- Born: Michael Robert Emanuel Kerr 1 March 1921 Berlin, Weimar Republic
- Died: 14 April 2002 (aged 81) London, England
- Occupations: Judge; lawyer; RAF pilot; teacher;
- Spouses: ; Julia Braddock ​ ​(m. 1952; div. 1982)​ ; Diana Sneezum ​ ​(m. 1983)​
- Children: 5
- Parents: Alfred Kerr (father); Julia Weismann (mother);
- Relatives: Judith Kerr (sister) Matthew Kneale (nephew)
- Allegiance: United Kingdom
- Branch: Royal Air Force
- Service years: 1941—1945
- Rank: Flight Lieutenant
- Conflicts: Second World War;
- Awards: 1939-1945 Star Atlantic Star Defence Medal 1939-1945 War Medal

= Michael Kerr (judge) =

British judge

Sir Michael Robert Emanuel Kerr (1 March 1921 – 14 April 2002) was a German-born British jurist, author, lawyer and High Court of Justice judge.

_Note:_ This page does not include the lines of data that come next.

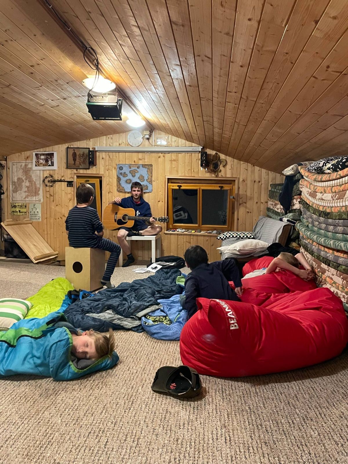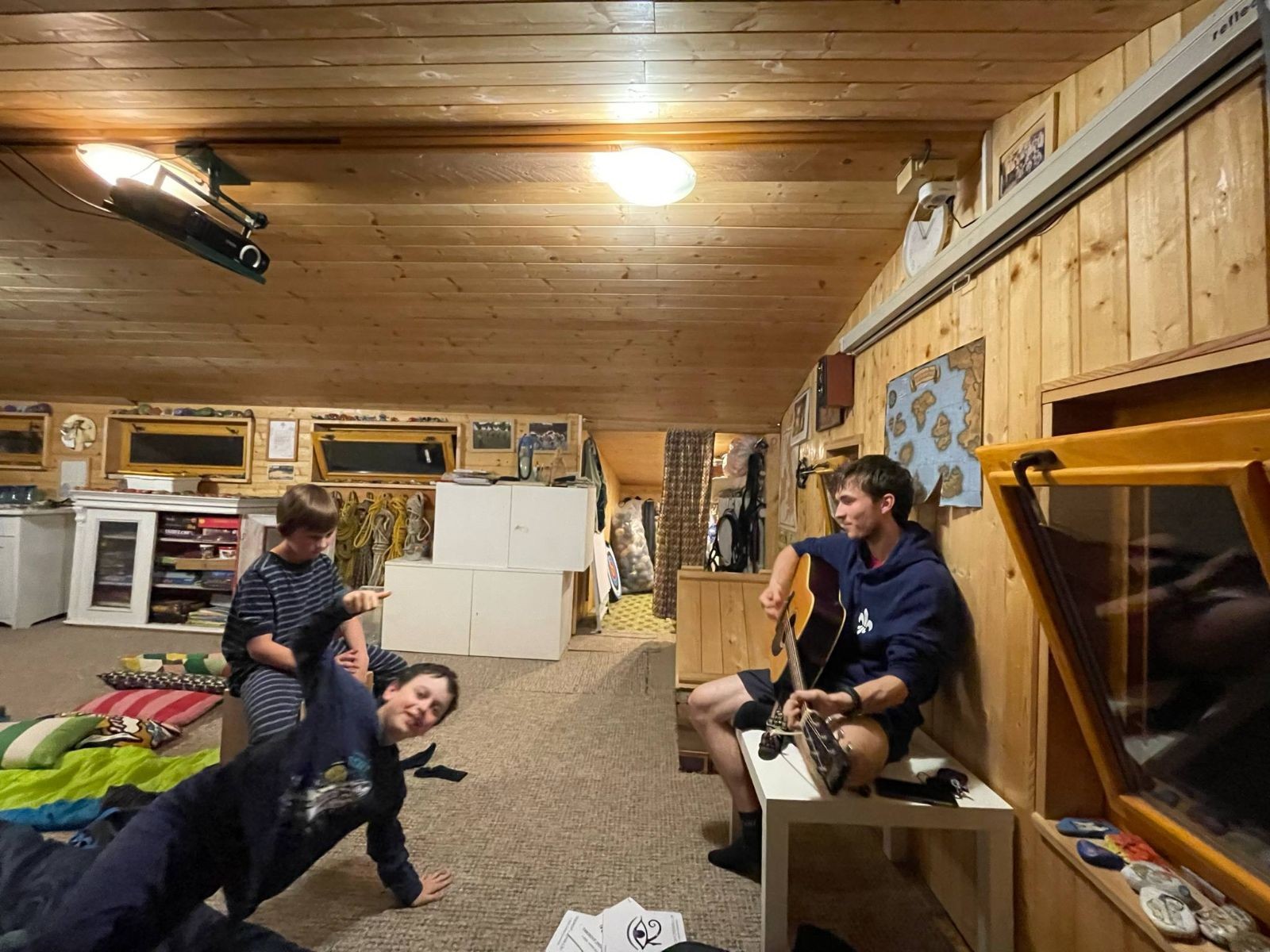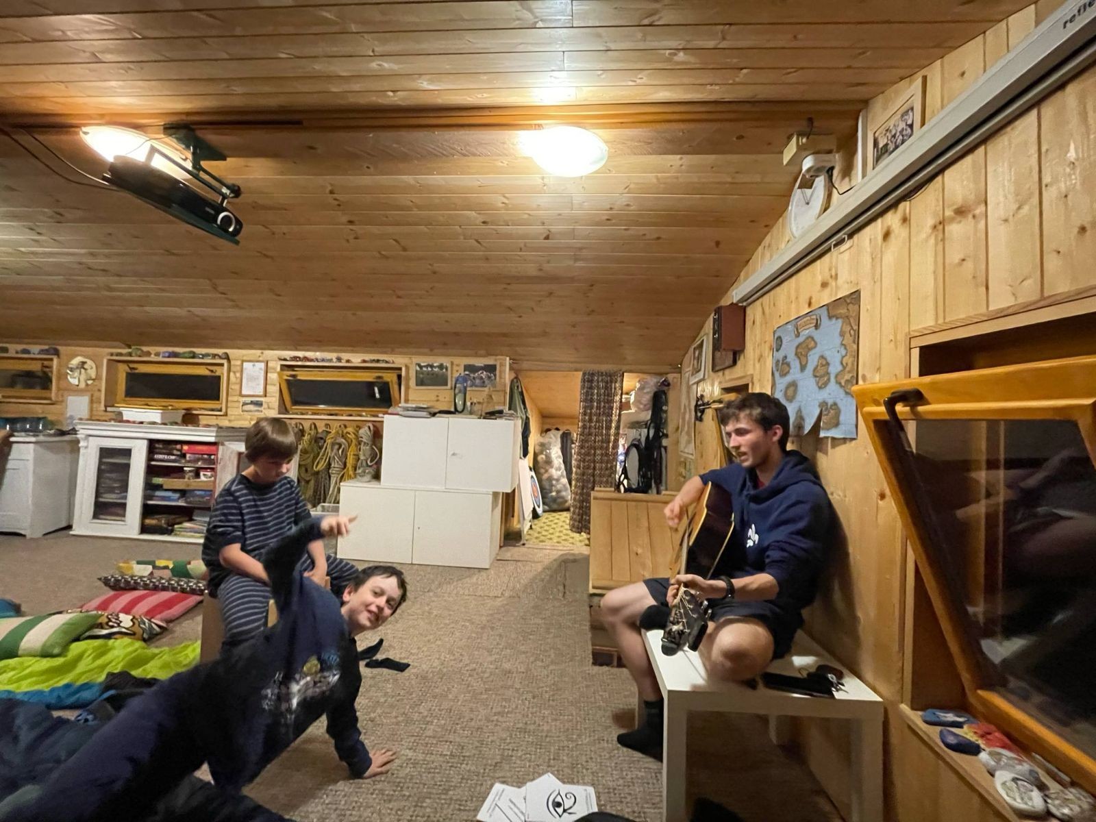 Na Boudě jsme si venku zahráli pár her a dorazil Tesák, který nás navečer poctil svou návštěvou. Společně jsme si zahráli Bang, zazněla i kytara, a pak jsme šli spát. Večer odešel Tesák, později i strejda Tom, a tím náš den definitivně skončil.
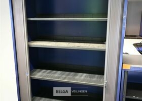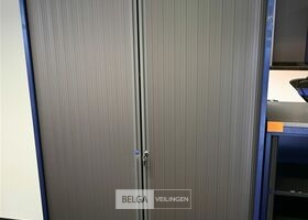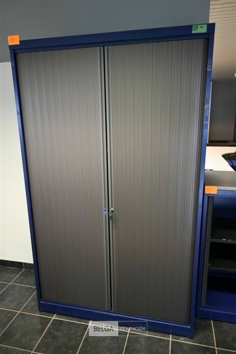 Kast, blauw met donkergrijze roldeuren / 4 leggers, afm 120x48x198 cm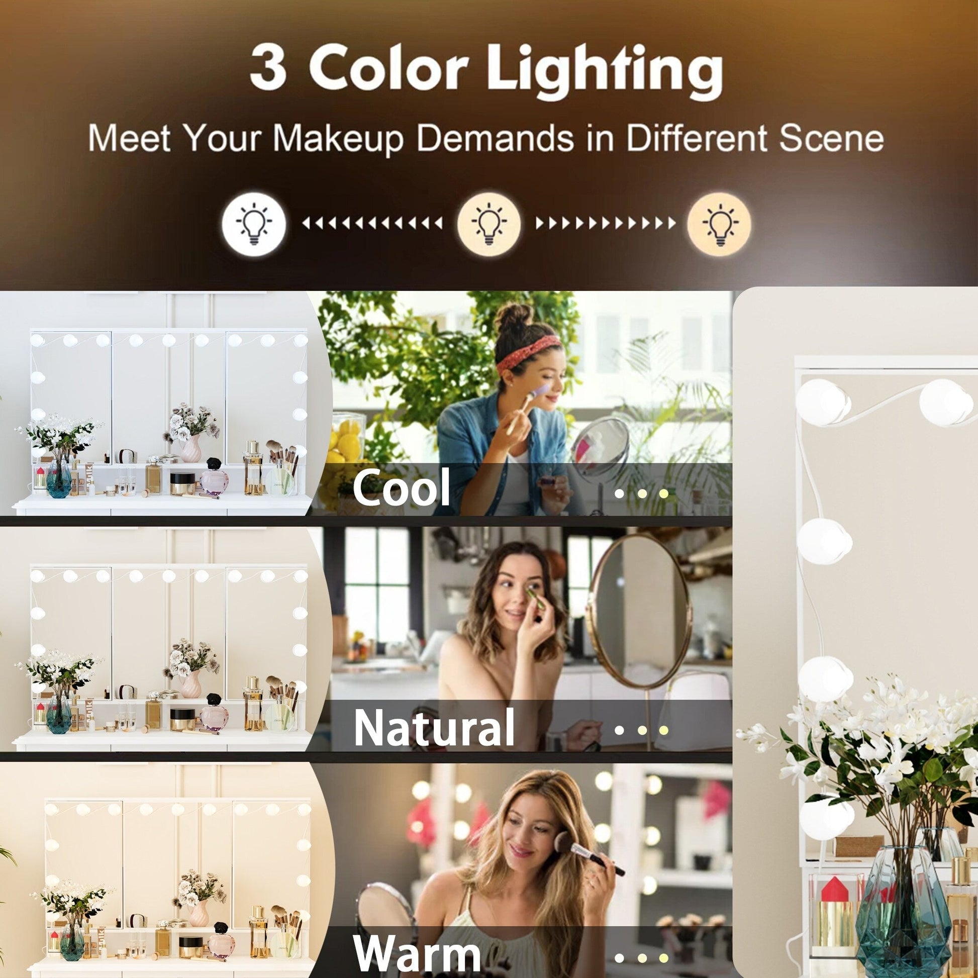 Tri-Fold Mirror: Enjoy the convenience of a tri-fold mirror featuring a ring of three-color bulbs (Warm Light, Daylight, Cool Light). Illuminate your vanity space with a set of 15 certified bulbs, each with 0.5W power. The USB interface provides convenience without the need for a power adapter.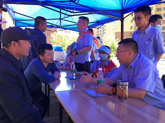電腦、座椅的布置等準(zhǔn)備工作 ?;顒?dòng)中,現(xiàn)場(chǎng)氣氛活躍 ,人流較多,志愿者們不怕風(fēng)吹日曬,熱情的向廣大群眾發(fā)放了公司專門制作的公租房銷售和產(chǎn)權(quán)辦理宣傳圖冊(cè),并現(xiàn)場(chǎng)為部分購房群眾發(fā)放購房發(fā)票和網(wǎng)簽合同。大家現(xiàn)場(chǎng)還詳細(xì)介紹了公租房購買條件、流程以及辦理不動(dòng)產(chǎn)權(quán)證等政策知識(shí),耐心的解答了群眾關(guān)于購買公租房和辦理產(chǎn)權(quán)政策的各種疑慮 、困惑 。同時(shí)黨支部書記郭依群同志 、經(jīng)理李錚同志積極聽取群眾意見建議,主動(dòng)協(xié)調(diào)市住建局開放小區(qū)北門,方便群眾出行 。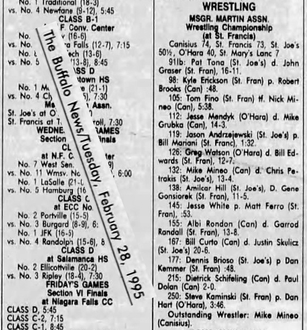 Mike Mineo (Canisius) > Chris Petrakis (SJ) major decision 13-4

He had been told, he said, that he was England's first "foreign-born judge" in 800 years, but he was careful neither to confirm nor to refute that suggestion.

==Life and career==

Michael Kerr was born in Berlin-Charlottenburg, Germany, the son of the composer-musician Julia Anna Franziska (née
Weismann) and the drama critic Alfred Kerr. He was the brother of the author Judith Kerr. His family was Jewish.

Kerr and his family were forced to leave their homeland at the end of the Weimar Republic by the emergence of the Nazi Party. After 1933, the Kerr family lived in Switzerland, France and finally the United Kingdom, as noted in the work of Judith Kerr. His experience as an immigrant allowed him to perfect skills in not only German but also French and English.

Sponsored by a friend of his father, Kerr was educated at Aldenham School. That and his immigration experience may have created a wish to emulate and join the upper-middle class of his new homeland.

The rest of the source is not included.